## INSTRUCTIONS TO FOLLOW
Every record, apart from its pictures, should be repeated exactly.

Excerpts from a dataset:
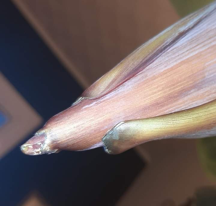 Zoals ik al eerder zei, krult het schutblad op naarmate de banaantjes als een laadklep langzaam naar boven buigen.
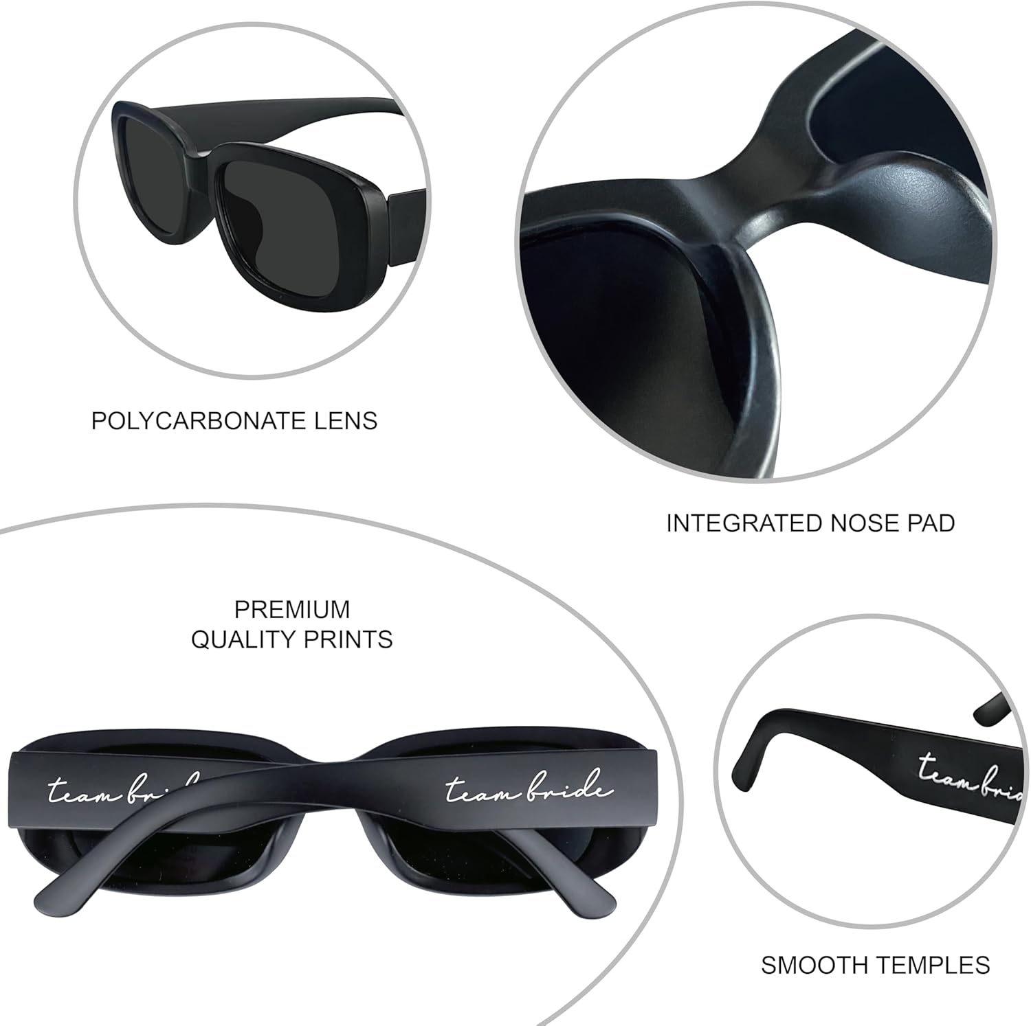 - 【Bridesmaid Sunglasses】 The rectangle frame makes the overall look of the bridesmaid sunglasses more retro. This stylish design allows you look more charming and make it easy for you to match with various outfits at various occasions
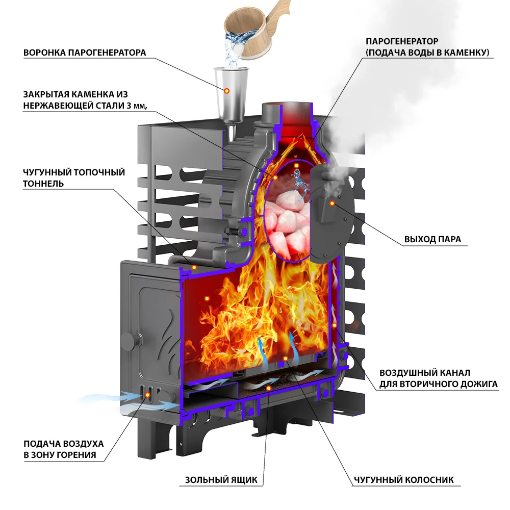 - Закрытая каменка из нержавейки, размещённая в самом горячем месте печи.
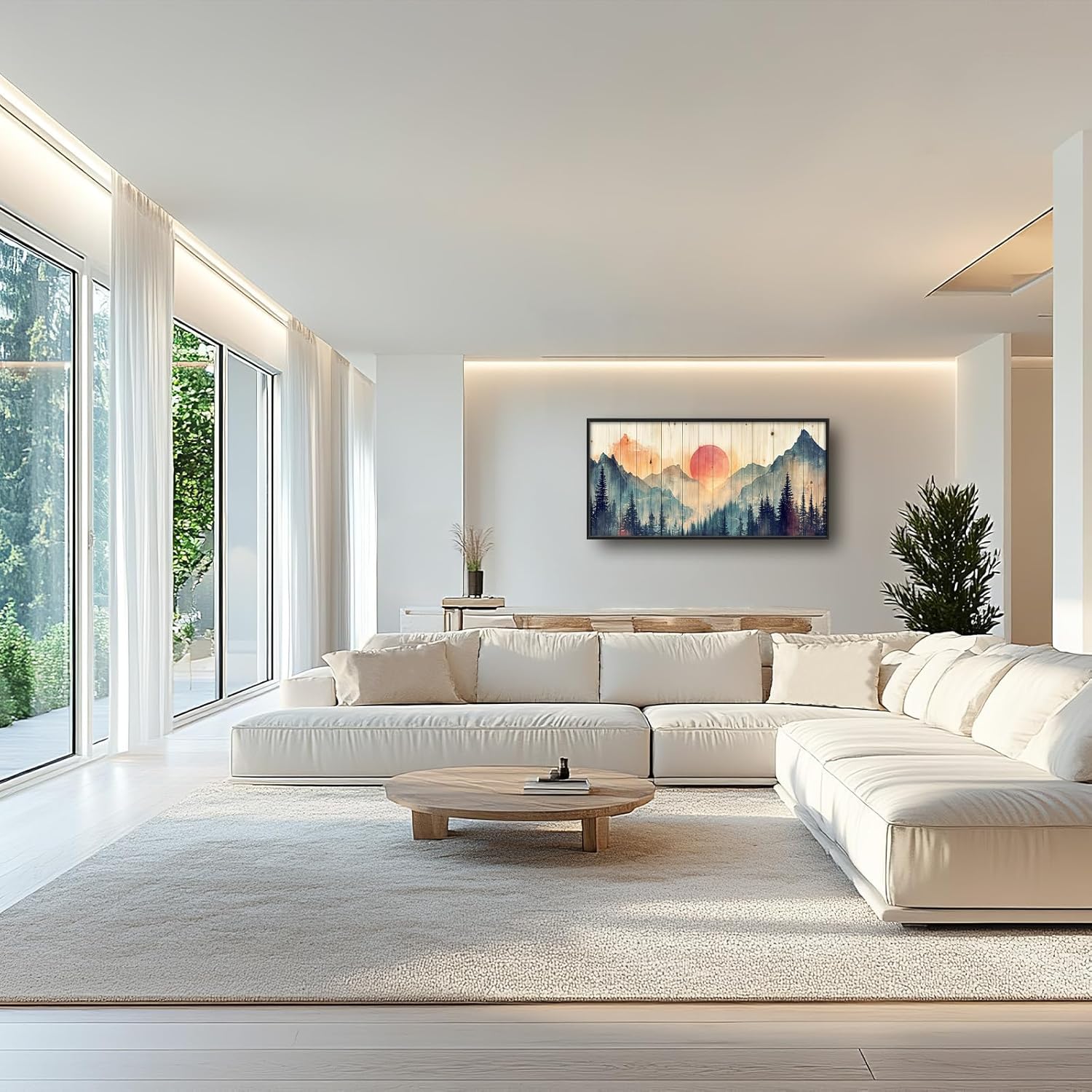 Framed Large Cabin Mountain Wall Art for Living Room, Oversized Rustic Forest Wall Decor, Rustic Nature Landscape Canvas Painting Sunset Pictures Home Decoration for Bedroom Office 60"x30"
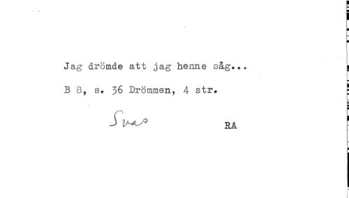 //// * * J_ //// H //// Jag drömde att jag henne såg... a //// B 8, s. 36 Drömmen, 4 str. ' //// J RA ' ////
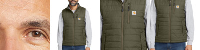 When it's just cold enough to call for core warmth, this insulated vest has you covered as a lightweight, water-repellent layer. 1.75-ounce, 100% nylon Cordura ® shell Rain Defender ® durable water repellent Wind Fighter ® technology tames wind Nylon lining quilted to 100-gram, 100% polyester insulation for warmth Reverse coil center front zipper Zip-through collar Left chest map pocket with reverse coil zipper Two hand pockets with hidden snap closures Two interior pockets: one zippered, one hook and loop closure Drawcord adjustable drop tail hem Carhartt-strong, triple-stitched main seams Carhartt label sewn on chest pocket Relaxed fit
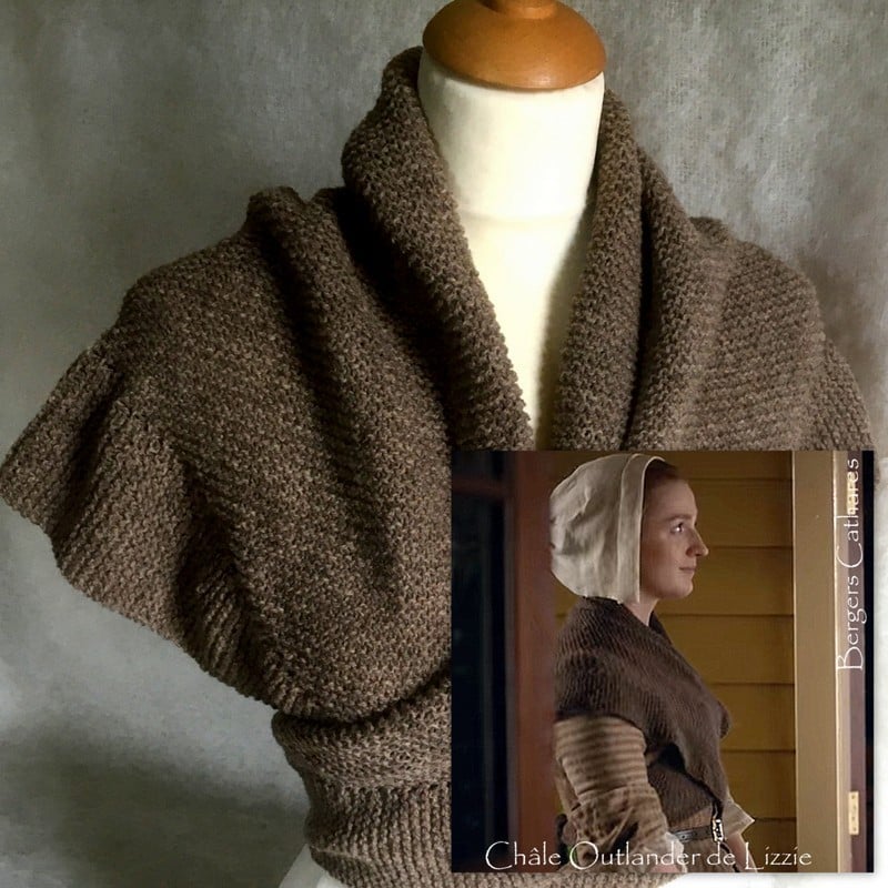Voici un châle que l’on retrouve porté par Lizzie ou par Mme Bug dans la célébrissime série télé Outlander (saison 5), c’est un modèle original avec son volant qui se porte noué dans le dos ou en écharpe. D’après toutes les photos et le film, nous l’avons interprété et mis en aiguille pour le rendre le plus proche de la réalité.

## TASK RESULT
 Zoals ik al eerder zei, krult het schutblad op naarmate de banaantjes als een laadklep langzaam naar boven buigen.
 - 【Bridesmaid Sunglasses】 The rectangle frame makes the overall look of the bridesmaid sunglasses more retro. This stylish design allows you look more charming and make it easy for you to match with various outfits at various occasions
 - Закрытая каменка из нержавейки, размещённая в самом горячем месте печи.
 Framed Large Cabin Mountain Wall Art for Living Room, Oversized Rustic Forest Wall Decor, Rustic Nature Landscape Canvas Painting Sunset Pictures Home Decoration for Bedroom Office 60"x30"
 //// * * J_ //// H //// Jag drömde att jag henne såg... a //// B 8, s. 36 Drömmen, 4 str. ' //// J RA ' ////
 When it's just cold enough to call for core warmth, this insulated vest has you covered as a lightweight, water-repellent layer. 1.75-ounce, 100% nylon Cordura ® shell Rain Defender ® durable water repellent Wind Fighter ® technology tames wind Nylon lining quilted to 100-gram, 100% polyester insulation for warmth Reverse coil center front zipper Zip-through collar Left chest map pocket with reverse coil zipper Two hand pockets with hidden snap closures Two interior pockets: one zippered, one hook and loop closure Drawcord adjustable drop tail hem Carhartt-strong, triple-stitched main seams Carhartt label sewn on chest pocket Relaxed fit
Voici un châle que l’on retrouve porté par Lizzie ou par Mme Bug dans la célébrissime série télé Outlander (saison 5), c’est un modèle original avec son volant qui se porte noué dans le dos ou en écharpe. D’après toutes les photos et le film, nous l’avons interprété et mis en aiguille pour le rendre le plus proche de la réalité.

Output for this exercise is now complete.